Смерть императору! - Саймон Скэрроу
Галерий остался, пока остальные вышли из комнаты, прежде чем повернуться лицом к своему новому командиру.
Катон изогнул бровь. - Центурион?
- Просто хотел сказать, что, по-моему, все прошло хорошо, господин. Ты напоминаешь мне Рубрия. Такая же прямолинейность и понимание своих людей. Как бы то ни было, я думаю, мы будем тобой гордиться.
Катону не понравился слишком фамильярный тон замечания, каким бы комплиментарным он ни был. Он заставил себя сохранить нейтральное выражение лица и ответил.
- Мы должны гордиться друг другом, Галерий. Я всегда веду людей, находясь впереди, и не буду приказывать человеку делать то, к чему не готов сам. Взамен я требую самого лучшего от тех, кто находится под моим командованием. Я не потерплю ничего меньшего. Убедись, что ты понимаешь это, и убедись, что парни тоже; таким образом когорта выполнит то, что от нее потребуется. Спокойной ночи.

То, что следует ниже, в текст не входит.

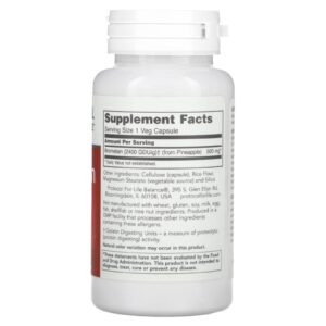 Como funciona: A bromelaína é uma enzima proteolítica (digestão de proteínas) derivada da planta de abacaxi. É funcional em uma ampla faixa de pH e não perde sua atividade ao passar pelo ambiente ácido do estômago. Estudos científicos indicam que a bromelaína é altamente biodisponível e pode ajudar a aliviar a dor transitória normal e o desconforto associado ao uso excessivo ocasional. Este produto contém 500 mg de Bromelaína natural por cápsula e é adequado para vegetarianos.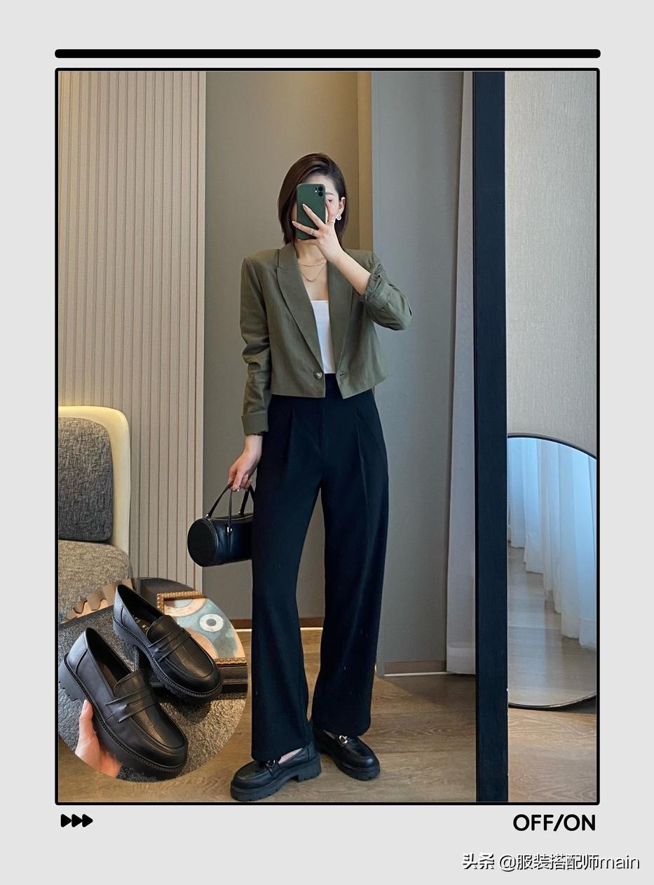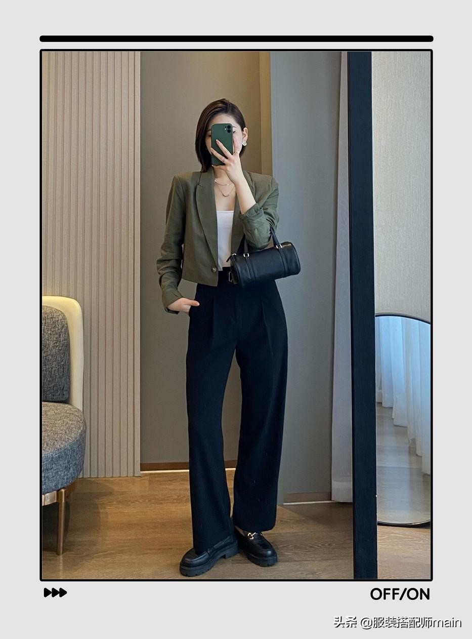 小個子女生還是應該穿這種短外套高腰褲,再利用塞內搭來優化身材比例,我感覺這造型被我穿出了「三七分」效果來了。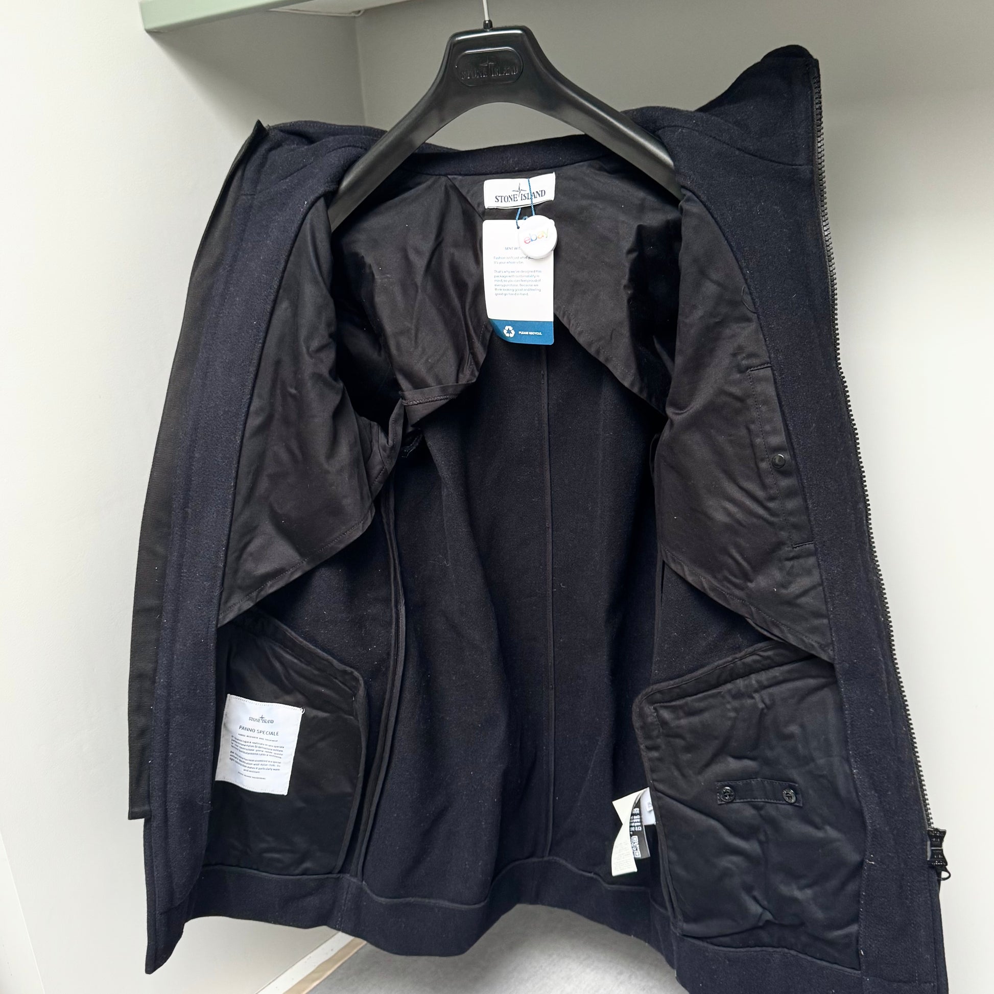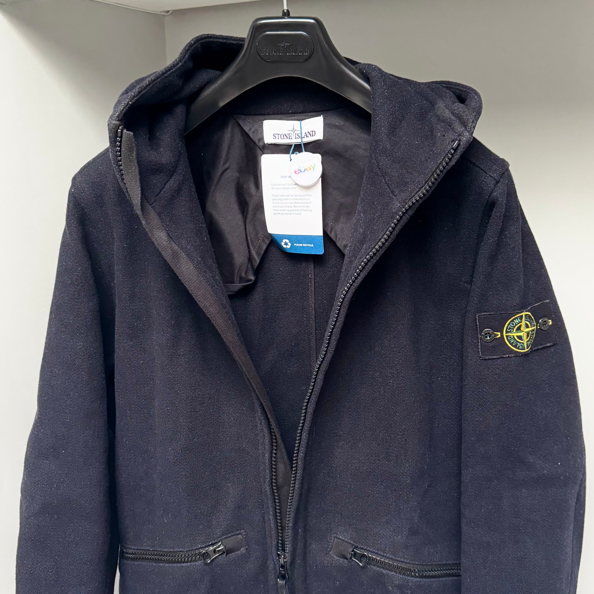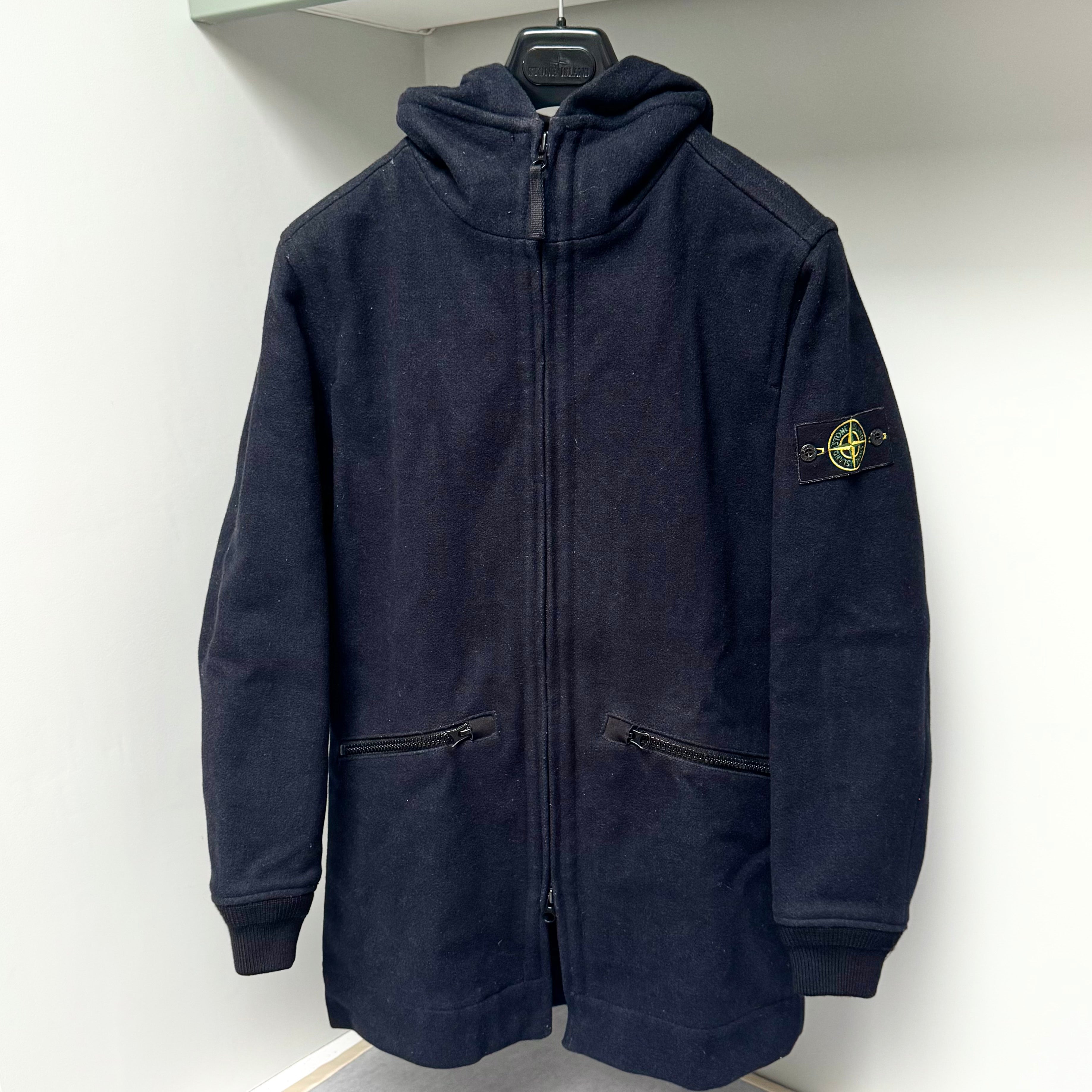 Stone Island Panno Speciale Lana Wool Full Zip Badge Duffle Jacket - Medium ptp21.5”

Галерий отсалютовал и вышел из комнаты, закрыв за собой дверь. Катон опустился на табурет позади стола и посмотрел на карту. Она была настолько точной, насколько он мог вспомнить из своего прежнего знания ландшафта, и он сделал пометку на углу, основываясь на маршруте, подготовленном офицером разведки наместника. Он подсчитал, что колонне потребуется четыре дня, чтобы преодолеть около сотни километров до Вирокония. После чего все расстояния и отрезки времени были весьма приблизительны. Еще сто тридцать километров от Вирокониума до побережья, через горы, где враг будет упорно сражаться за каждую складку на местности и изо всех сил беспокоить колонну. В какой-то момент колонна должна была выйти к морю. Он должен был повернуть на север, чтобы пройти последние сто километров, чтобы соединиться с обозной колонной и эскадрой напротив острова Мона. Катон знал, что идти будет тяжело. Он сделает все возможное, чтобы не подвергать своих людей ненужным опасностям, но было очевидно, что Восьмая когорта понесет тяжелые потери до окончания кампании. Он задавался вопросом, была ли истинная причина, по которой Светоний выбрал его, не из-за какой-то репутации, которую он мог заслужить среди высоких и могущественных римлян, а скорее потому, что он был расходным материалом.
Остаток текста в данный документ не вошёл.